Directions =
Begin at the line below that has "アルミホイルの表裏について街". Stop after the line that has "今日の給食は、鶏肉のたつたあ", repeating each line exactly and leaving out the pictures.

Given information: Begin

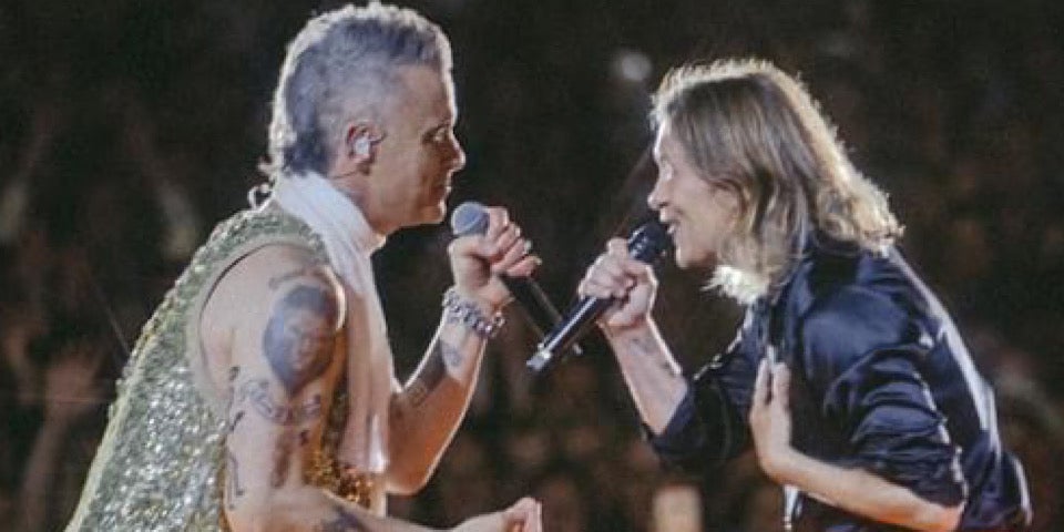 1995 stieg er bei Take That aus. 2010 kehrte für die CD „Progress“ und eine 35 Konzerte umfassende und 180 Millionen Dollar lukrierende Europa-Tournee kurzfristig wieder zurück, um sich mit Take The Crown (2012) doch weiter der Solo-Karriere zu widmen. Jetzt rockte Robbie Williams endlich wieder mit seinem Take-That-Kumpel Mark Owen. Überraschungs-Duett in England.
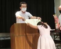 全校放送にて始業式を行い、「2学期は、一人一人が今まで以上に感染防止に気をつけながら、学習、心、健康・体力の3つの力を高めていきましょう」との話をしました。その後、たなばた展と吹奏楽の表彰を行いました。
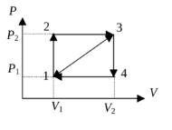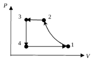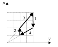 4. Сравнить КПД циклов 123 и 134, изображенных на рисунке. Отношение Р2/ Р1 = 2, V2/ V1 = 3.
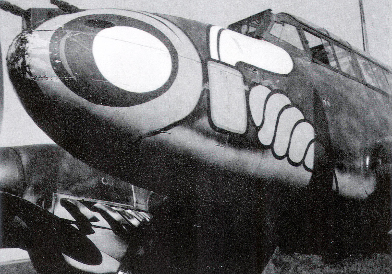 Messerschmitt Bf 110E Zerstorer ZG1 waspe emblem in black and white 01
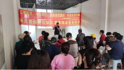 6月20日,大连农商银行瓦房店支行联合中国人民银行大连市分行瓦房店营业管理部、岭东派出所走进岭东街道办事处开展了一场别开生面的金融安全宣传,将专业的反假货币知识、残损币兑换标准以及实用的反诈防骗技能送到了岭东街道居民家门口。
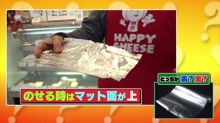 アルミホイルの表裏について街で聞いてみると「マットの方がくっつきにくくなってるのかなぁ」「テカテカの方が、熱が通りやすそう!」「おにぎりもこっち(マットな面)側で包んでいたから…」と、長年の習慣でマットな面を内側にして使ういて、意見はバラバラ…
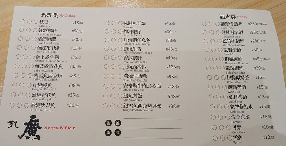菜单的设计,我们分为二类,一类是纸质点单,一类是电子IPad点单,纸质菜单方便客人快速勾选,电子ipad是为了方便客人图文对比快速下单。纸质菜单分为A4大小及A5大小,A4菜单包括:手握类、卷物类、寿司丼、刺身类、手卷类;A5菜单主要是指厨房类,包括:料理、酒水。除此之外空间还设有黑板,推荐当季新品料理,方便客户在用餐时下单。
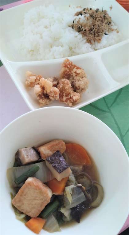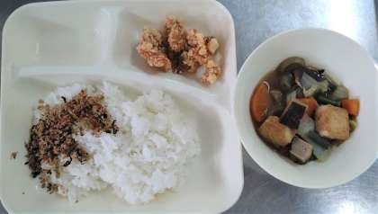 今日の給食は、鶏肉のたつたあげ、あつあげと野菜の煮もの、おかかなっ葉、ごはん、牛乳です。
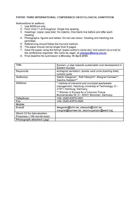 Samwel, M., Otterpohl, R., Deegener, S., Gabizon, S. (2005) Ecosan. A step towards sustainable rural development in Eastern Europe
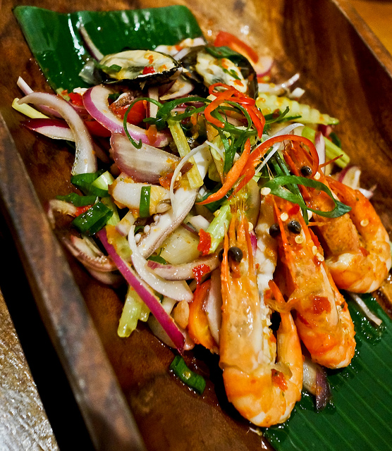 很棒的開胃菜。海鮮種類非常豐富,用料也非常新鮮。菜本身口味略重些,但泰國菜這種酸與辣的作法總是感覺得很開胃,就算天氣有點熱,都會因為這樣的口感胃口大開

Given information: End
Given information: Begin

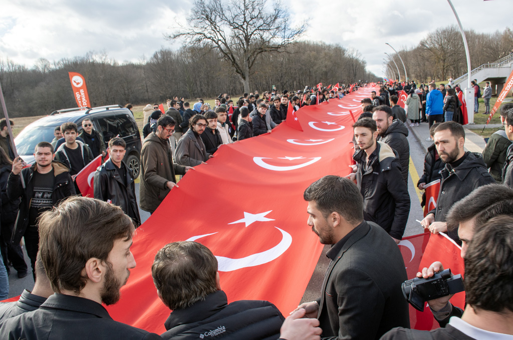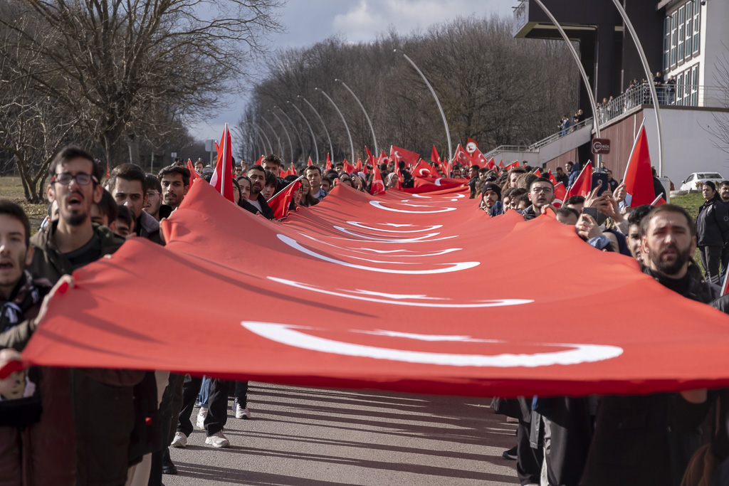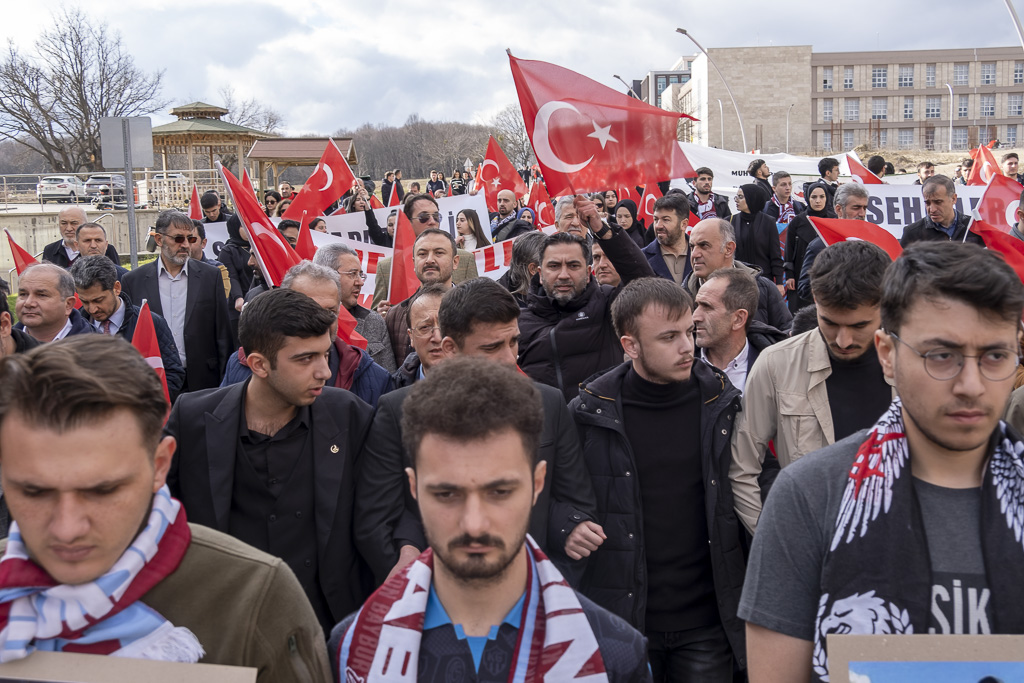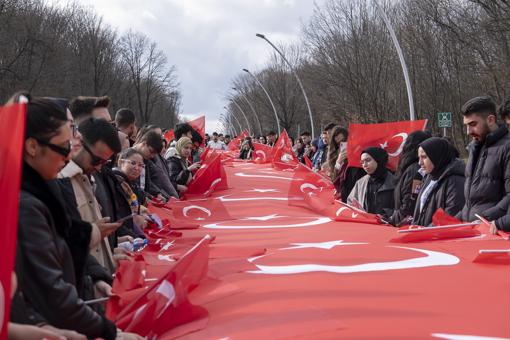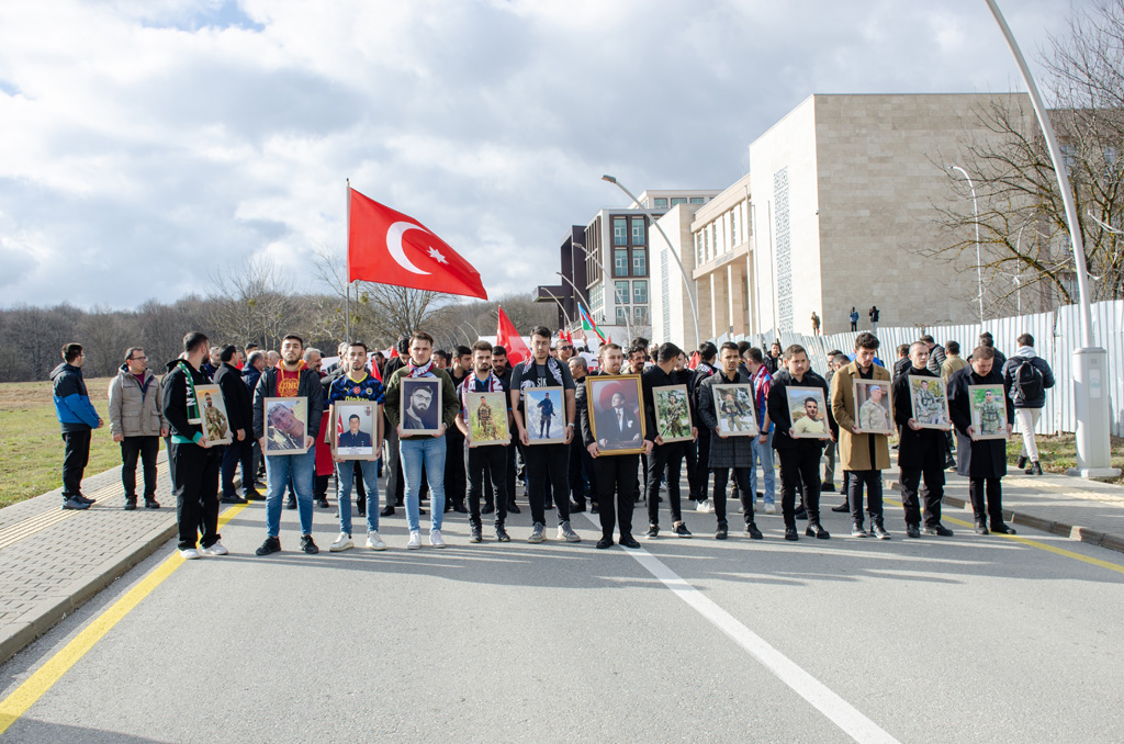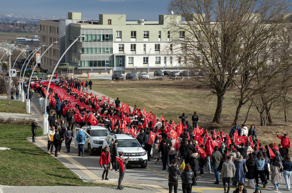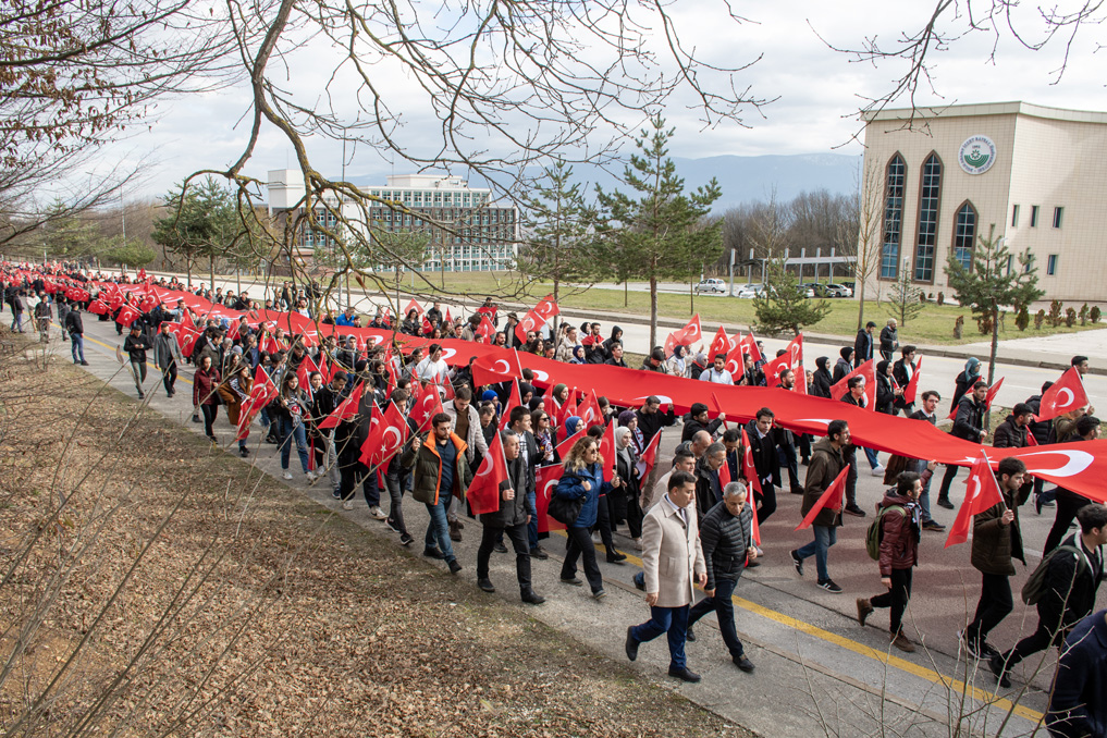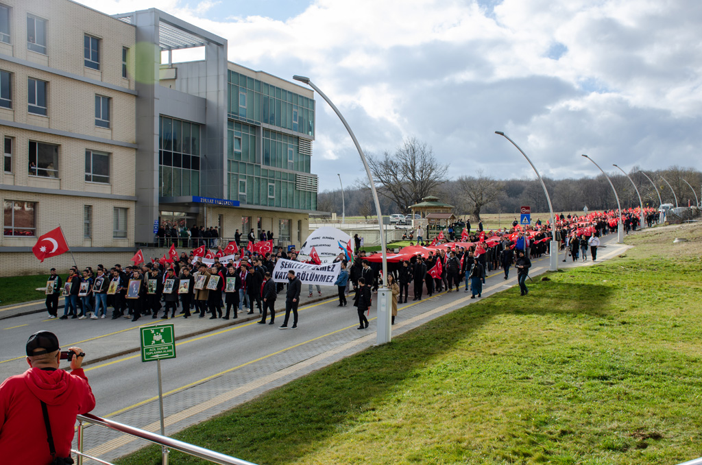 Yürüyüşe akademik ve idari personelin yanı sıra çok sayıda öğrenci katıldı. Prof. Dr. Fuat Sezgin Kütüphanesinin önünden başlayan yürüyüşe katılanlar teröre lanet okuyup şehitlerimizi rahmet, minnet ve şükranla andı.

Given information: End
Given information: Begin

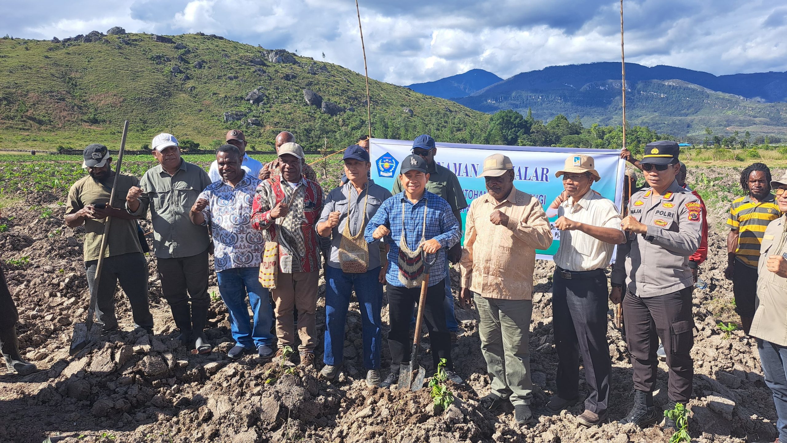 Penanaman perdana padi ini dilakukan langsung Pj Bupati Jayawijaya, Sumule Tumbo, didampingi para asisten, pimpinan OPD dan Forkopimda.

Given information: End

Finished task =
 アルミホイルの表裏について街で聞いてみると「マットの方がくっつきにくくなってるのかなぁ」「テカテカの方が、熱が通りやすそう!」「おにぎりもこっち(マットな面)側で包んでいたから…」と、長年の習慣でマットな面を内側にして使ういて、意見はバラバラ…
菜单的设计,我们分为二类,一类是纸质点单,一类是电子IPad点单,纸质菜单方便客人快速勾选,电子ipad是为了方便客人图文对比快速下单。纸质菜单分为A4大小及A5大小,A4菜单包括:手握类、卷物类、寿司丼、刺身类、手卷类;A5菜单主要是指厨房类,包括:料理、酒水。除此之外空间还设有黑板,推荐当季新品料理,方便客户在用餐时下单。
 今日の給食は、鶏肉のたつたあげ、あつあげと野菜の煮もの、おかかなっ葉、ごはん、牛乳です。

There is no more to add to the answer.